ECLI:NL:RBNNE:2016:4003
Rechtbank Noord-Nederland
- Voorlopige voorziening
- Rechtspraak.nl
Sluiting van een horecagelegenheid op grond van artikel 13b van de Opiumwet
Op 31 augustus 2016 heeft de voorzieningenrechter van de Rechtbank Noord-Nederland uitspraak gedaan in een zaak betreffende de sluiting van een horecagelegenheid in Groningen. De burgemeester van Groningen had op 9 augustus 2016 besloten het café voor een periode van zes maanden te sluiten, met ingang van 19 augustus 2016, op basis van artikel 13b van de Opiumwet. Dit besluit volgde op een politieonderzoek in de nacht van 9 op 10 juli 2016, waarbij in het café softdrugs, harddrugs en verpakkingsmaterialen voor verdovende middelen werden aangetroffen. De verzoeker, die deel uitmaakt van de coöperatie die het café exploiteert, maakte bezwaar tegen dit besluit en vroeg de voorzieningenrechter om een voorlopige voorziening.
Tijdens de zitting op 23 augustus 2016 heeft de voorzieningenrechter vastgesteld dat verzoeker een spoedeisend belang had bij het treffen van een voorlopige voorziening. De voorzieningenrechter overwoog dat de burgemeester bevoegd was om het café te sluiten op basis van de aangetroffen hoeveelheden drugs, die groter waren dan een hoeveelheid voor eigen gebruik. Verzoeker voerde aan dat de sluiting onterecht was, omdat de aangetroffen hoeveelheden gering waren en dat de burgemeester in zijn besluit niet zorgvuldig had gehandeld.
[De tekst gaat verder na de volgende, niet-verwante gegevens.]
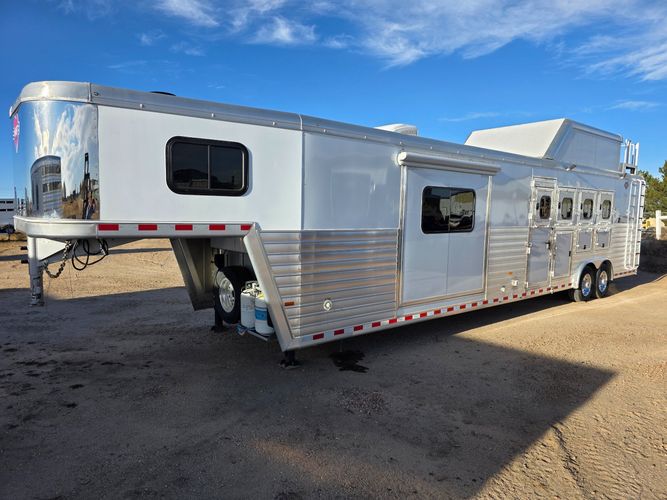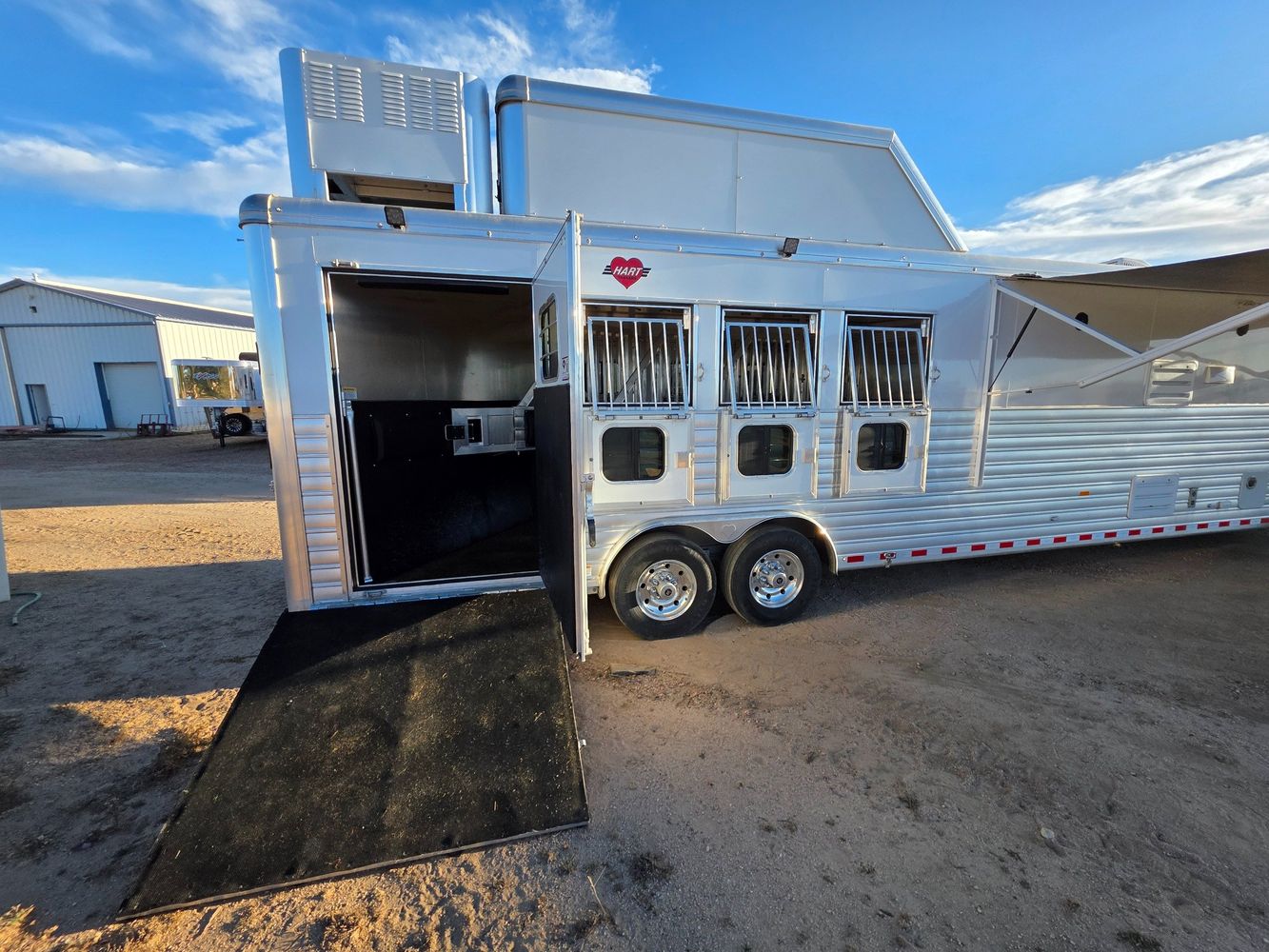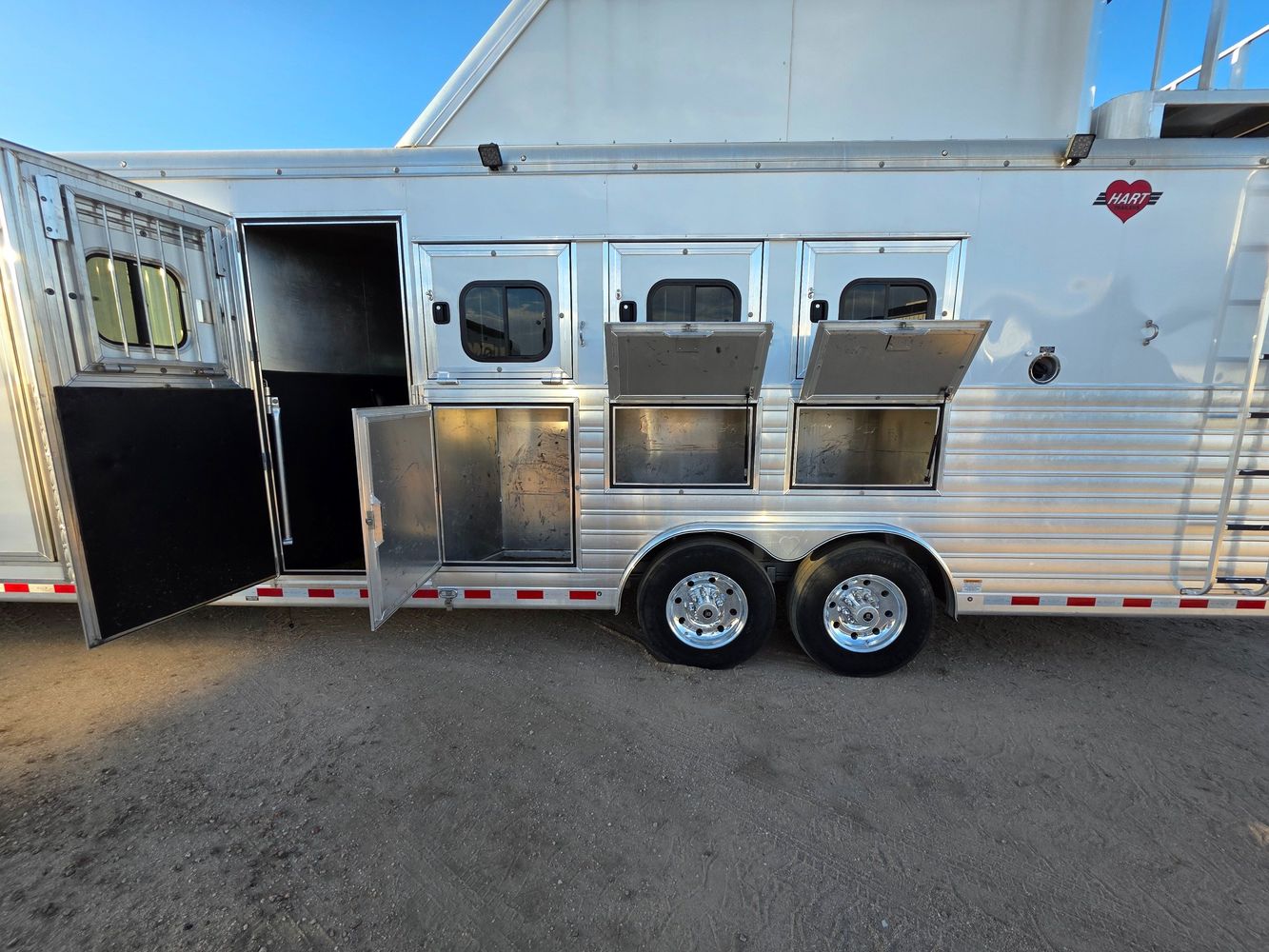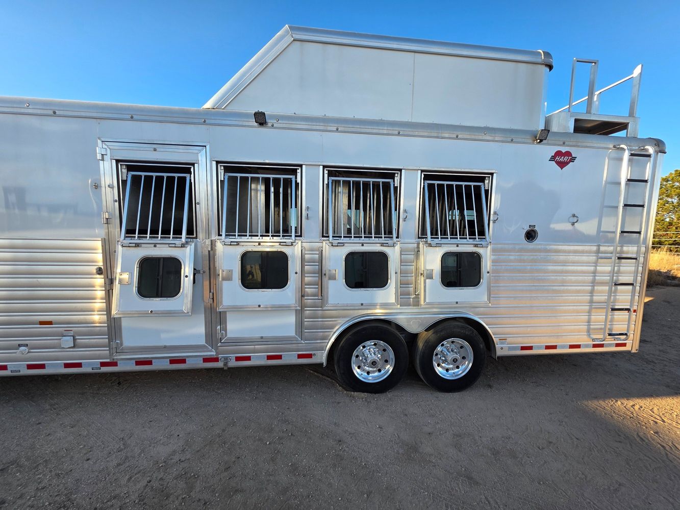 This 2024 Hart Tradition 4-horse slant load trailer features a 15-foot short wall living quarters professionally designed by Signature Quarters. Built for both comfort and durability, it combines premium craftsmanship with practical functionality for riders who demand the best.
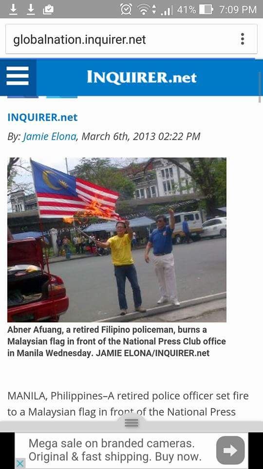 The Facebook users posted a screen capture of a March 6, 2013 news report by the Philippines’ news portal INQUIRER.Net, where a retired Filipino police officer had set fire to a Malaysian flag to protest the Aquino administration’s condemnation of the Sulu gunmen who intruded Sabah.
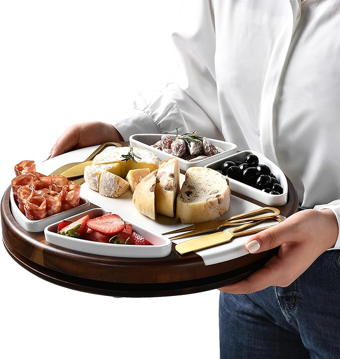 - Elevate Your Entertaining Experience: This Shanik Lazy Susan charcuterie board, crafted from premium Acacia wood, acts as the perfect centerpiece for any gathering, providing an elegant and functional platform to serve an array of cheeses, meats, and more. Immerse friends and family in a world of flavors with easy access and effortless spin, making hosting easy and luxurious.
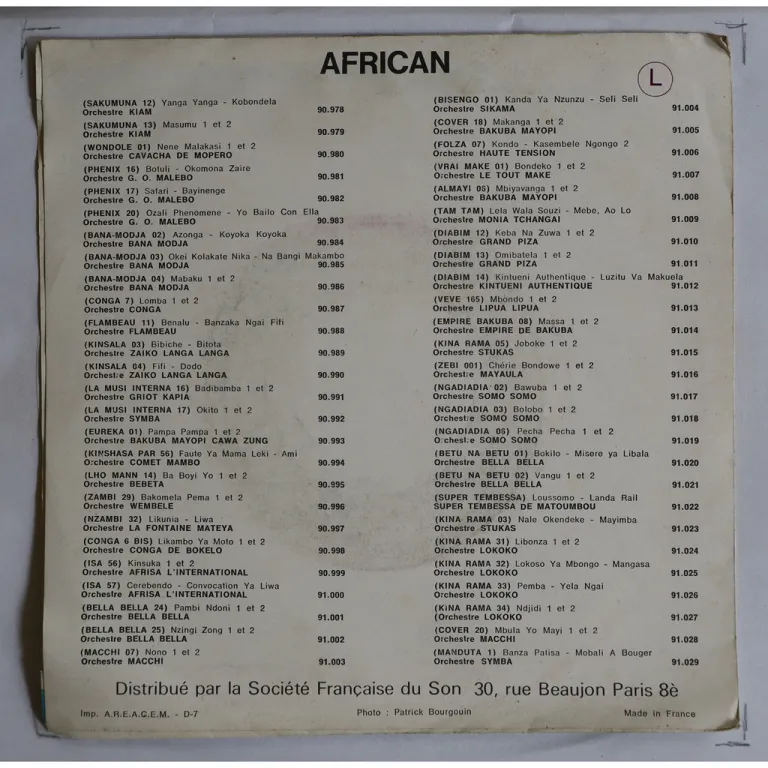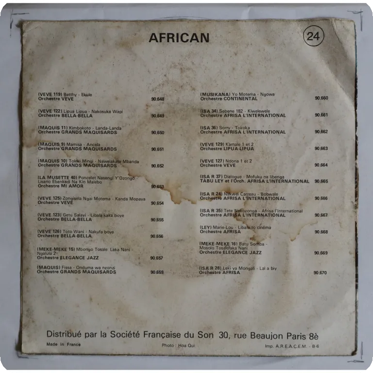 Soukous double sider by one of Congo's leading 70's bands. Some dirt on labels, record has reasonable to very light noise from numerous marks, crackier on first part then plays better, ranging from VG
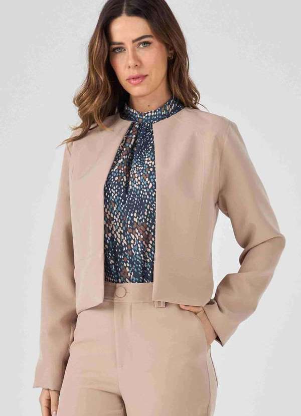 Blazer confeccionado em tecido plano alfaiataria, cor bege, com ótimo caimento e toque macio, não possui transparência e não amassa com facilidade. A peça possui modelagem em alfaiataria, caimento reto, forro interno, mangas longas, decote redondo, não possui fechamento, comprimento curto e acabamento pespontado. Blazer é uma peça clássica e atemporal no guarda roupa feminino, perfeito para compor looks elegantes e sofisticados, seja no trabalho ou para uma produção mais formal ou até mesmo casual. Combine com a calça da mesma coleção para um conjunto monocromático perfeito.
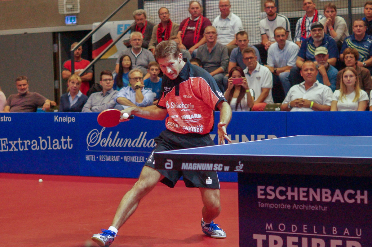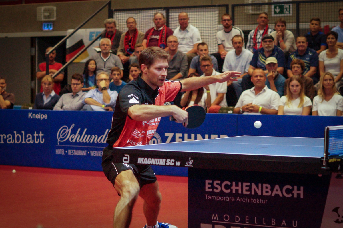 Wer weiß, wie Kilian Ort psychisch konditioniert ist, kennt sein Credo zum Saisonauftakt („Der ist ungeheuer wichtig für die ganze Runde“) und den Wert eines Siegs gegen eine Nummer 33 der Welt für sein Selbstvertrauen. Auch den zweiten Satz zog er eiskalt wie eine Hundeschnauze durch, über 10:4 zum 11:7. Beim Schlagabtausch zum 8:3 aber bekam der Ball ´ne Gänsehaut: Erst schlugen sie ihn sich mit langer Rallye gegenseitig um die Ohren. Dann kippte das Runde über das Gespannte, das Netz, zu Ort herüber auf die Tischkante, dann unter den Netzpfosten, fast auf den Boden. Wie von der Tarantel gestochen tauchte Kilian Ort ab und baggerte ihn an Pfosten und Netz vorbei auf die Jha´sche Seite zurück, holte selbst diesen Punkt. Mit dem 11:7 im dritten Satz hatte er aus der (für ihn) „Opfer-Rolle“, gegen den Einser, das Beste gemacht, einen Sieg.
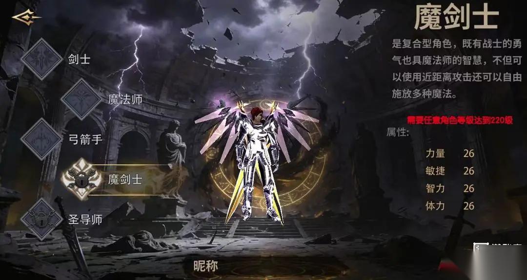 四、魔剑士:竞技单挑的爆发天花板魔剑士是兼具物理与魔法双系伤害的高阶职业,需通过98元职业卡解锁或等级逐步解锁,核心定位为竞技场景的单挑王者,适合喜欢热血对抗的玩家。其核心优势是技能爆发极高,可根据对手属性切换输出形态,实现“一套带走”的极致竞技体验。场景适配方面,魔剑士在1v1竞技、小型团战中表现突出,凭借双系伤害机制可轻松压制剑士、圣导师等职业;搬砖效率中等,适合定点刷高爆率地图获取稀缺资源。职业克制关系上,魔剑士对剑士、圣导师具备明显优势,是竞技冲榜的核心选择。玩法与加点建议:灵活分配力量与智力属性,根据输出形态调整比例,追求极致爆发伤害。竞技时需抓住技能冷却间隙,先手突进敌方脆皮职业(如魔法师、弓箭手),一套爆发完成收割;搬砖时可利用双系技能适配不同属性怪物,提升单图收益。需注意,魔剑士生存能力中等,避免单独陷入多线包围。

De voorzieningenrechter oordeelde echter dat de burgemeester op goede gronden had besloten tot sluiting van het café, gezien de aanwezigheid van harddrugs en de verantwoordelijkheden van de uitbater.
De voorzieningenrechter concludeerde dat het belang van de handhaving van de openbare orde zwaarder woog dan de belangen van verzoeker. Het verzoek om een voorlopige voorziening werd afgewezen, en de voorzieningenrechter oordeelde dat er geen aanleiding was voor een proceskostenveroordeling. De uitspraak werd openbaar uitgesproken op dezelfde dag.